What this task involves :: Omit every picture. Return all other data as it stands.
***** Data excerpt *****
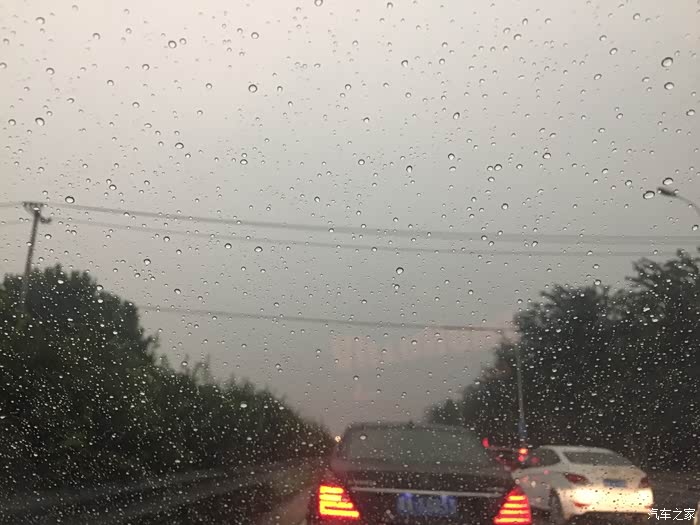 除了毛毛雨的时候,后来不管是中雨还是大雨,风挡上面基本上保持这样。
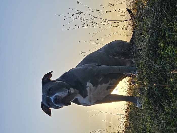 - "A gray and white pit bull dog sits among green grass and bare, wispy weeds" by FM-n22Rc2, licensed under CC BY 4.0
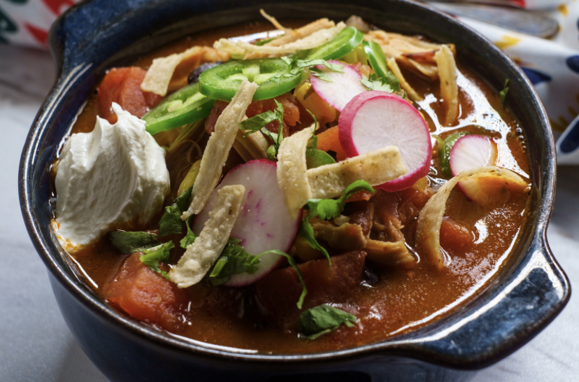 This is the choose-your-own-adventure of soups. The broth is rich and savory but still feels light, which means you can really go for it with the toppings. Tortilla chips, sour cream, cheese, avocado, hot sauce—pile it on. Served family-style, everyone builds their own bowl. It’s interactive, cozy, and somehow both filling and refreshing.
*****
Exercise answer ::
 除了毛毛雨的时候,后来不管是中雨还是大雨,风挡上面基本上保持这样。
 - "A gray and white pit bull dog sits among green grass and bare, wispy weeds" by FM-n22Rc2, licensed under CC BY 4.0
 This is the choose-your-own-adventure of soups. The broth is rich and savory but still feels light, which means you can really go for it with the toppings. Tortilla chips, sour cream, cheese, avocado, hot sauce—pile it on. Served family-style, everyone builds their own bowl. It’s interactive, cozy, and somehow both filling and refreshing.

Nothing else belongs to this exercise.